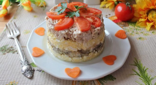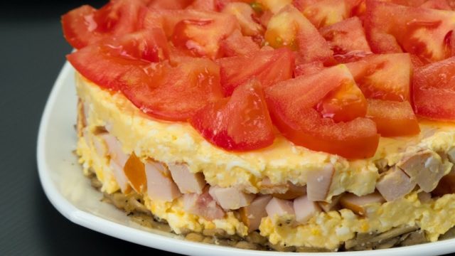 Další stejně chutnou možností je recept na salát milovaného manžela s uzenými prsy a tvrdým sýrem. Jídlo zahrnuje také houby - můžete použít lesní houby, žampiony nebo hlívy ústřičné. Je třeba si uvědomit, že obyčejné houby musí být před smažením vařeny. Místo běžného talíře se doporučuje použít formu z děleného železa.
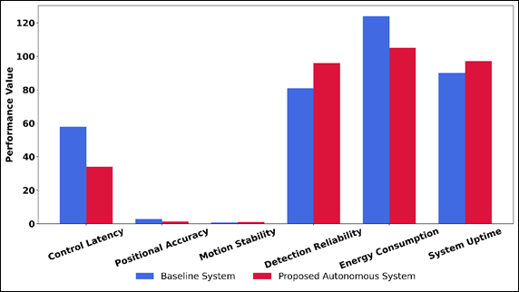 This reduction enables the real time interaction and further well-orchestrated movement performance. There was also a rise in the level of positional accuracy, reduction of deviation to about ±1.2 o instead of a maximum of 2.8, and an improvement in motion control and fluidity of the aesthetics. The index of motion stability increased to 0.89 as compared to 0.72 and it indicates that the vibration control and conventional mechanical functioning were enhanced. Figure 5 shows that system metrics are distributed in terms of performance improvement. The sensor senses recognition rate rose to 96 percent compared to 81 percent that signified a decent multi- sensor feedback and enhanced feel of the surroundings.
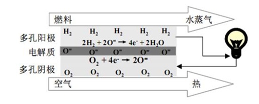 固體氧化物燃料電池的工作原理與其他燃料電池相同,在原理上相當(dāng)于水電解的“逆”裝置。其單電池由陽極、陰極和固體氧化物電解質(zhì)組成,陽極為燃料發(fā)生氧化的場所,陰極為氧化劑還原的場所,兩極都含有加速電極電化學(xué)反應(yīng)的催化劑。工作時相當(dāng)于一直流電源,其陽極即電源負(fù)極,陰極為電源正極。

### Exercise goal
Exactly as written, copy out the listing, but without any pictures.

### Solution to this problem
 Další stejně chutnou možností je recept na salát milovaného manžela s uzenými prsy a tvrdým sýrem. Jídlo zahrnuje také houby - můžete použít lesní houby, žampiony nebo hlívy ústřičné. Je třeba si uvědomit, že obyčejné houby musí být před smažením vařeny. Místo běžného talíře se doporučuje použít formu z děleného železa.
 This reduction enables the real time interaction and further well-orchestrated movement performance. There was also a rise in the level of positional accuracy, reduction of deviation to about ±1.2 o instead of a maximum of 2.8, and an improvement in motion control and fluidity of the aesthetics. The index of motion stability increased to 0.89 as compared to 0.72 and it indicates that the vibration control and conventional mechanical functioning were enhanced. Figure 5 shows that system metrics are distributed in terms of performance improvement. The sensor senses recognition rate rose to 96 percent compared to 81 percent that signified a decent multi- sensor feedback and enhanced feel of the surroundings.
 固體氧化物燃料電池的工作原理與其他燃料電池相同,在原理上相當(dāng)于水電解的“逆”裝置。其單電池由陽極、陰極和固體氧化物電解質(zhì)組成,陽極為燃料發(fā)生氧化的場所,陰極為氧化劑還原的場所,兩極都含有加速電極電化學(xué)反應(yīng)的催化劑。工作時相當(dāng)于一直流電源,其陽極即電源負(fù)極,陰極為電源正極。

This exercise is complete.